Background & Summary

The estuary is the intersection of fresh water, land and sea water, where fresh water and sea water with different properties are mixed, and a large number of nutrients and terrestrial microbes are input and accumulated. The complex condition leads to diverse biocoenosis in the estuarine environment. Microorganisms, such as Bacteria and Archaea, are widely distributed, abundant, and play key roles in biogeochemical cycle of carbon, nitrogen, sulfur and phosphorus as well as microbial food web in estuarine ecosystems1,2,3. As one of the most productive ecosystems in the world4, the strong natural and anthropogenic gradients in estuaries make them ideal niches to study microbial community structure and its associated functions.

The recent development of high-throughput sequencing technology such as 16 S rRNA gene and metagenome sequencing can identify large amounts of unknown taxa, analyze the characteristics of uncultured microorganisms, and thus has promoted studies of microbial diversity, community assembly, adaptation, evolution and function2,3. The research of microbial community structure in various estuaries such as Chesapeake Bay5, Delaware estuary6, Columbia estuary7, and estuaries of Sundarbans (i.e., Mooriganga, Thakuran, Matla, and Harinbhanga)8 has been carried out. Microbiological studies have also been conducted in several major estuaries in China, such as Yellow River, Yangtze River, Qiantang River and Pearl River1,9,10,11,12. These studies provided insights into spatial-temporal variations of microbial communities and their responses to environmental changes in estuarine ecosystems. However, despite the increasing knowledge of biodiversity process in the estuarine ecosystem, our understanding of the distributions and ecological preferences and functions of estuarine microbiome across broad spatial scales remains surprisingly limited.

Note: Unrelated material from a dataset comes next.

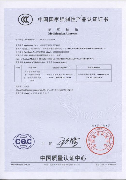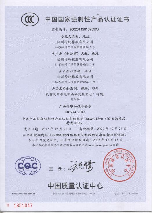 質(zhì)量是企業(yè)的生命,是企業(yè)得以生存和發(fā)展的基礎(chǔ)。公司自2006年創(chuàng)辦以來,徐輪橡膠就是一直對(duì)產(chǎn)品品質(zhì)孜孜以求,精益求精。以“質(zhì)量是生命 科技求領(lǐng)先 過程零缺陷 服務(wù)到永遠(yuǎn)”為質(zhì)量方針,徐州徐輪橡膠有限公司建立健全了科學(xué)完善的質(zhì)量保證體系,自2009年起先后通過了ISO9001-2008、CCC、美國DOT、歐洲E-mark等質(zhì)量體系認(rèn)證。

Here we present 500 metagenome-assembled genomes (MAGs) reconstructed from 90 surface water metagenomic samples in 30 subtropical estuaries which span the estuary of 30 major rivers in Guangdong and Guangxi, South China, a range of ~1300 km. All of these MAGs were estimated to be > 50% complete with < 10% contamination. Among them, 41.40% (207) have a completeness > 70% and 13.20% (66) have a completeness > 90%, while 75.80% (379) have low ( < 5%) contamination and 4.00% (20) have no contamination. Together, high-quality MAGs (Completion > 90% and Contamination < 5%) account for 12.2% (61) and medium-quality MAGs (Completion ≥ 50% and Contamination < 10%) account for 87.8% (439). The draft genomes were classified into 491 bacteria and 9 archaea. A vast majority of them belong to the phyla Proteobacteria (36.4%), Bacteroidota (22%), and Actinobacteria (20.8%) (Table 1; Fig. 1). However, only 62 (12.4%) could be classified to current known taxa at species level with 438 (87.6%) representing currently uncultured species. For fully utilizing the genome data, statistics of quality control on metagenomic raw reads is provided in Supplementary Table S1. Assembly information is provided in Supplementary Table S2. Predicted taxon for each MAG, as well as bin statistics (e.g., completeness, contamination, size and N50), are provided in Supplementary Table S3. MAGs abundance in each estuary is provided in Supplementary Table S4 and associated environmental variables is given in Supplementary Table S5.

Table 1 Relative proportion of phyla in MAGs reconstructed from the subtropical estuaries, South China.
Fig. 1
figure 1

Phylogenetic tree of the MAGs constructed by maximum likelihood method using a concatenated alignment of 120 conserved bacterial markers. Concentric rings moving outward from the tree show the completeness, and contamination and inferred phylum. The bar plot shows the size of the MAGs.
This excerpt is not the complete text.